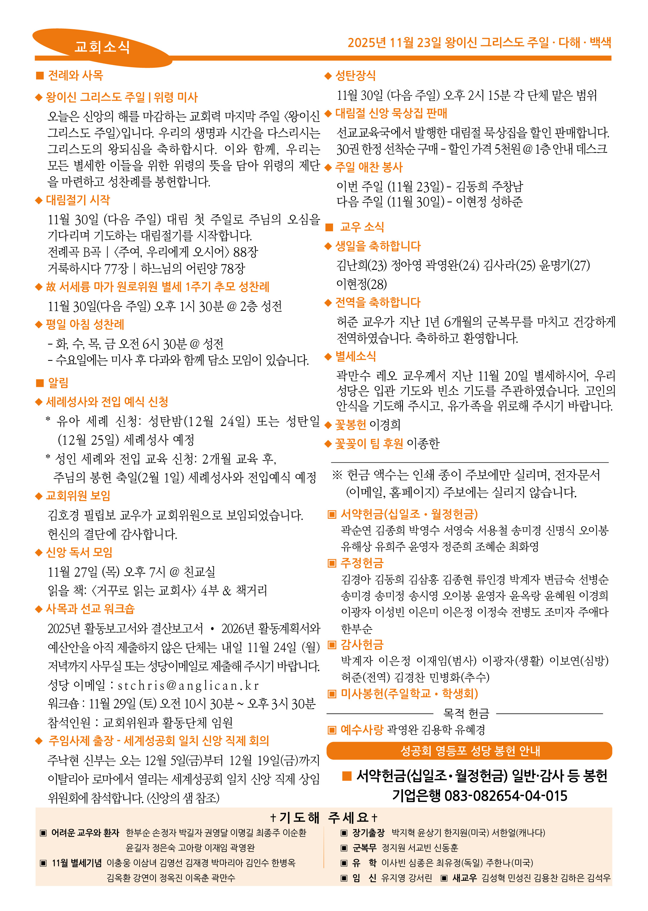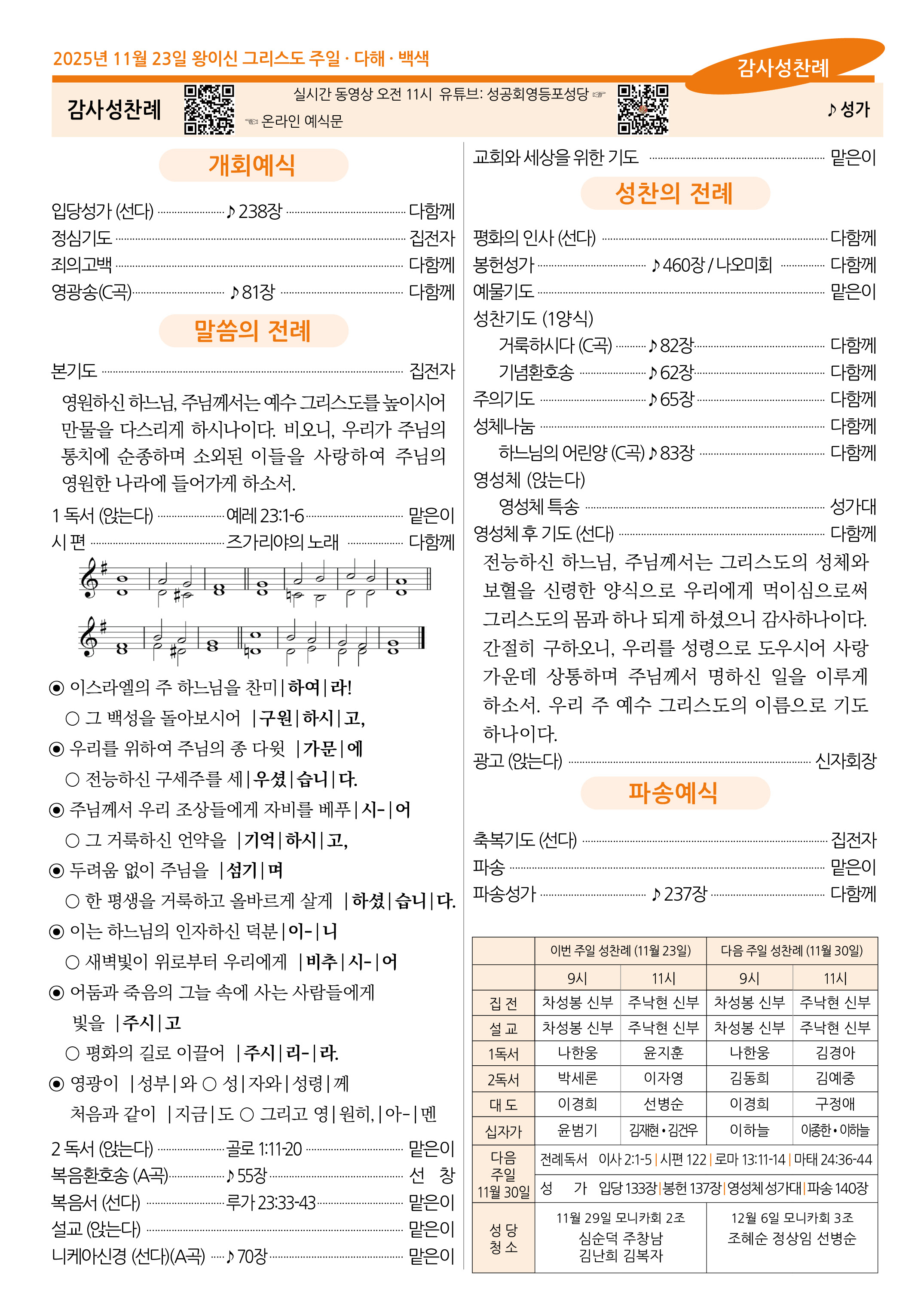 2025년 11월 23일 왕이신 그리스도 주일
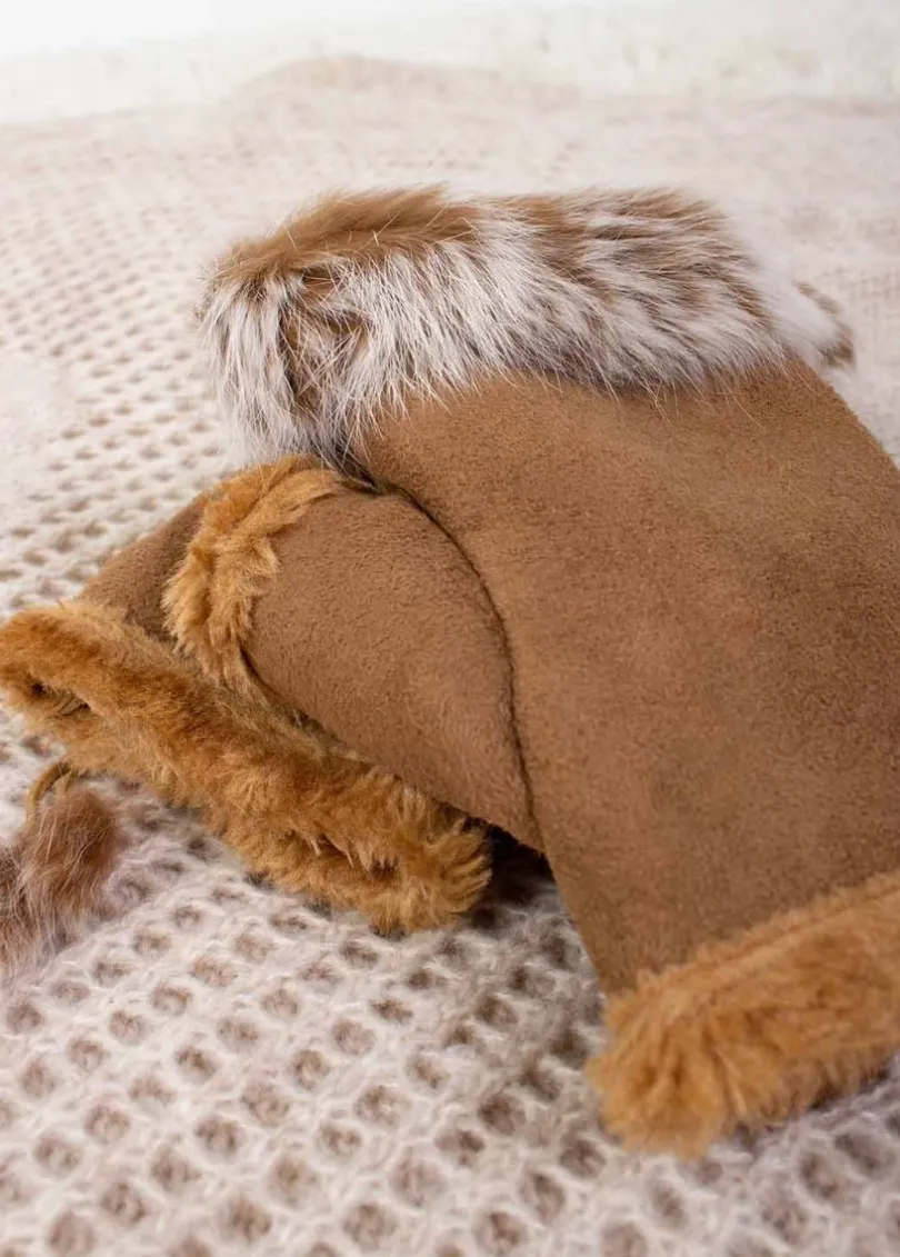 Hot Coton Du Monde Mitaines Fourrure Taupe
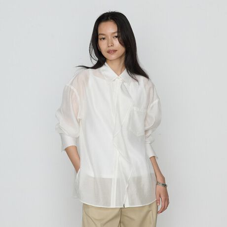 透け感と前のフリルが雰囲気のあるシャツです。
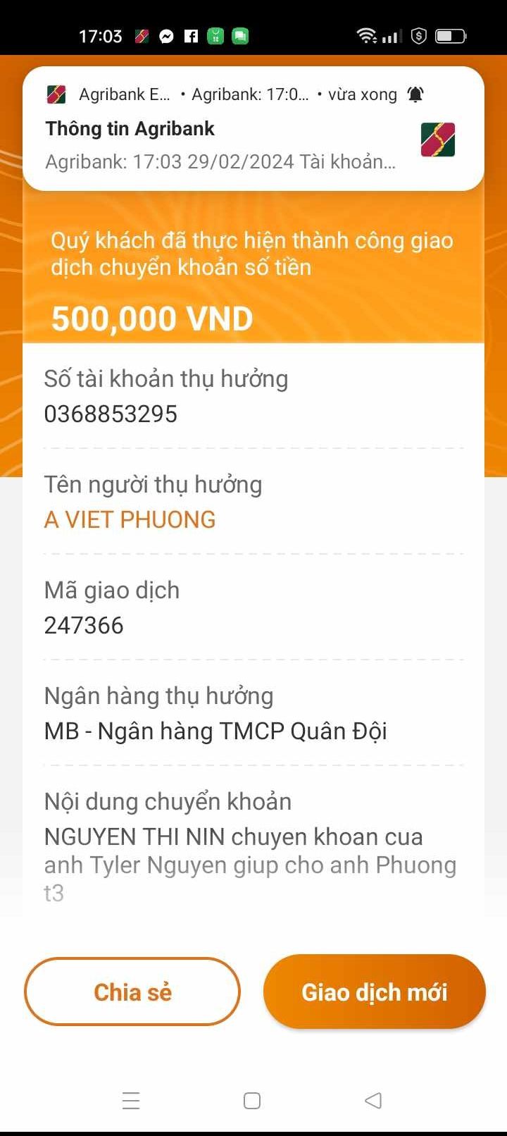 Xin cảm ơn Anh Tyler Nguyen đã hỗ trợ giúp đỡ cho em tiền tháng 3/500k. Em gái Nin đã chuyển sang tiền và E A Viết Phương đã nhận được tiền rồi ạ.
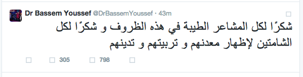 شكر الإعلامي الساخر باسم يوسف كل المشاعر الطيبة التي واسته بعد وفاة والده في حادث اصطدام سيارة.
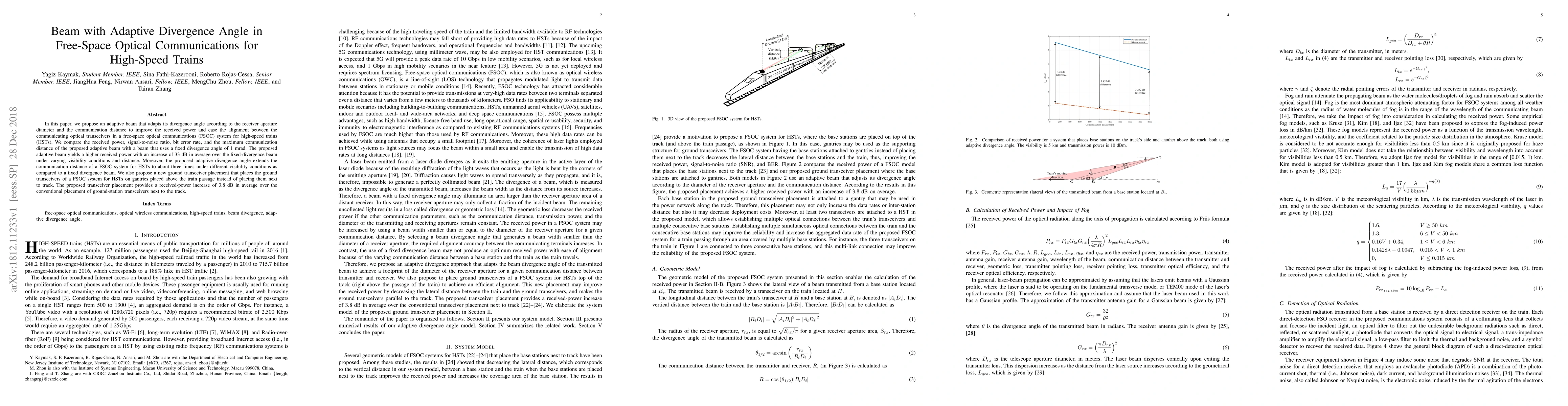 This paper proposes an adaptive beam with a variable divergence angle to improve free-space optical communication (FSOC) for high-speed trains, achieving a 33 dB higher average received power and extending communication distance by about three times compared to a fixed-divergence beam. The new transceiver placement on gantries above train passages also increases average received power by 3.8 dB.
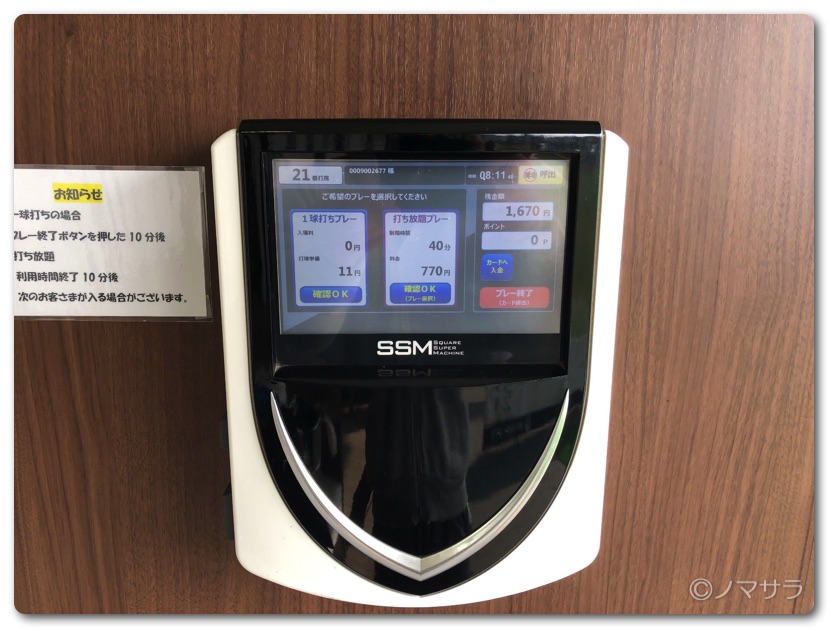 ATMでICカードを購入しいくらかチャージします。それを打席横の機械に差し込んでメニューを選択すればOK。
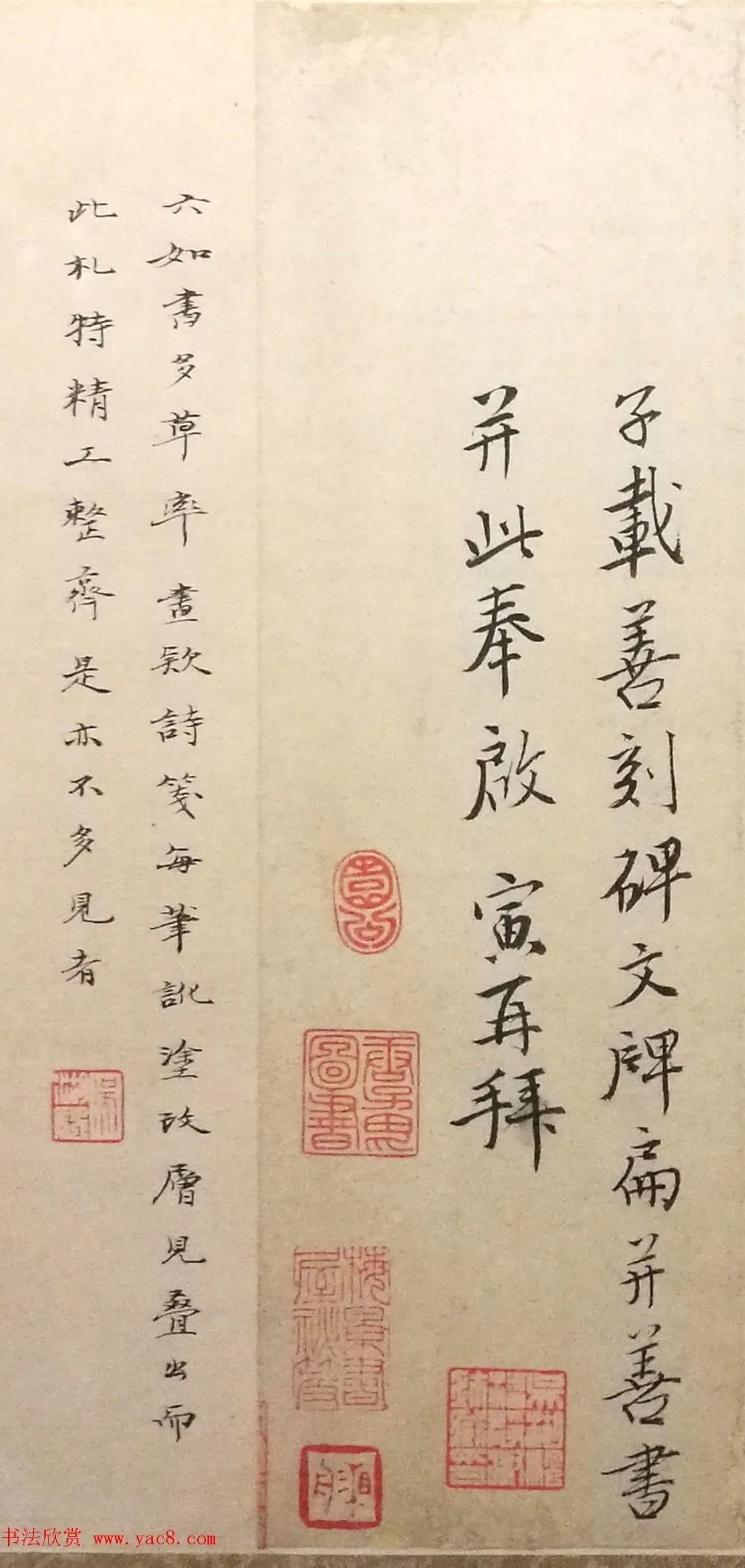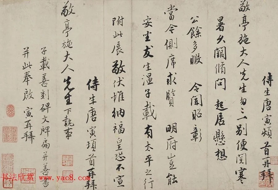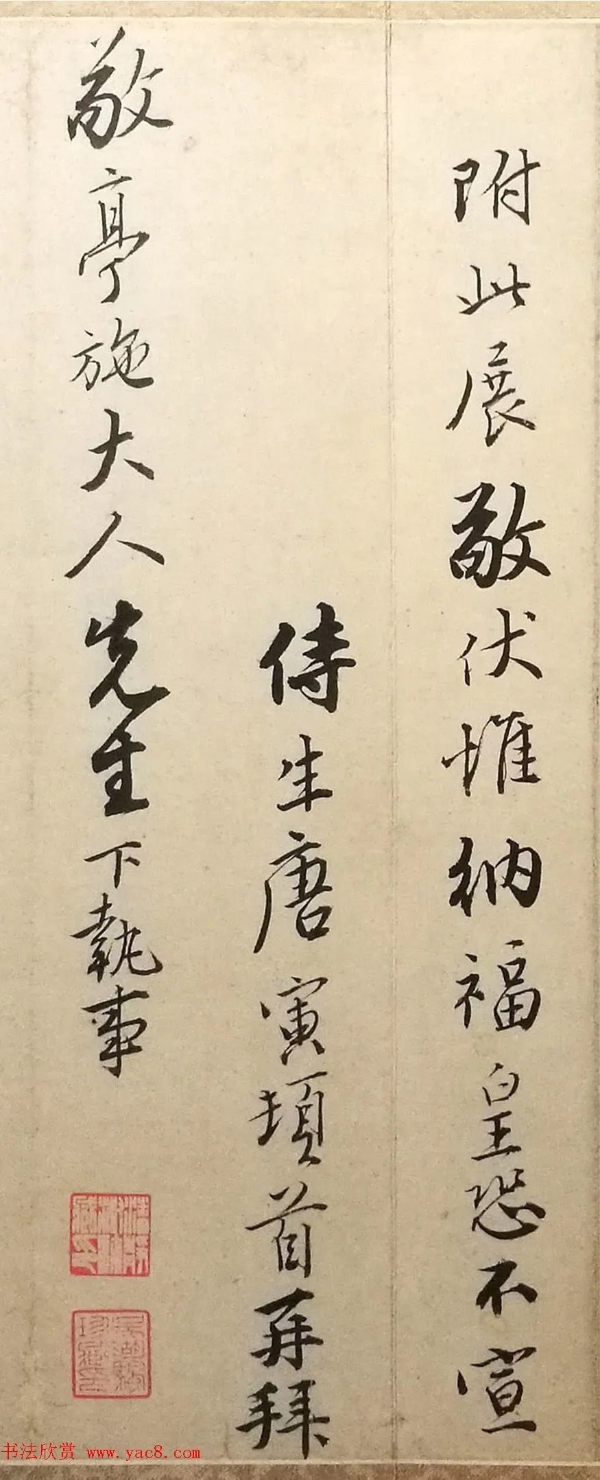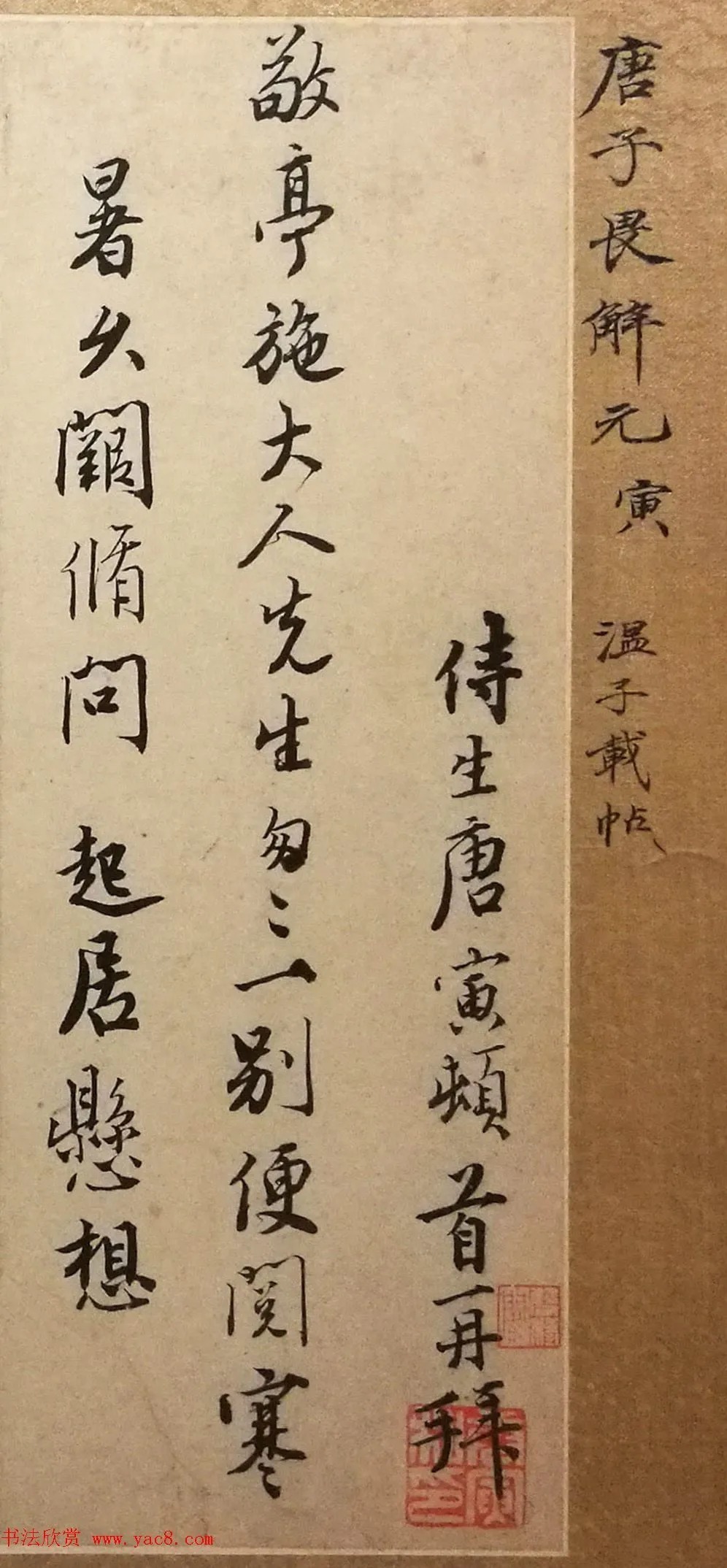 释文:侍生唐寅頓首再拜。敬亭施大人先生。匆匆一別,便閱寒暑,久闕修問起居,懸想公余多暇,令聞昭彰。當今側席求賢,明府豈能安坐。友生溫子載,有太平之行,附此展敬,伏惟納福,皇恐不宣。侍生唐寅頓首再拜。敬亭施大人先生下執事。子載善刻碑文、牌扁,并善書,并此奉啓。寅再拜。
__________
[WORK INSTRUCTIONS]
Copy out the lines above from the line containing "Xin cảm ơn Anh" through the line containing "شكر الإعلامي الساخر", exactly, and keep the pictures out.

[TASK RESULT]
 Xin cảm ơn Anh Tyler Nguyen đã hỗ trợ giúp đỡ cho em tiền tháng 3/500k. Em gái Nin đã chuyển sang tiền và E A Viết Phương đã nhận được tiền rồi ạ.
 شكر الإعلامي الساخر باسم يوسف كل المشاعر الطيبة التي واسته بعد وفاة والده في حادث اصطدام سيارة.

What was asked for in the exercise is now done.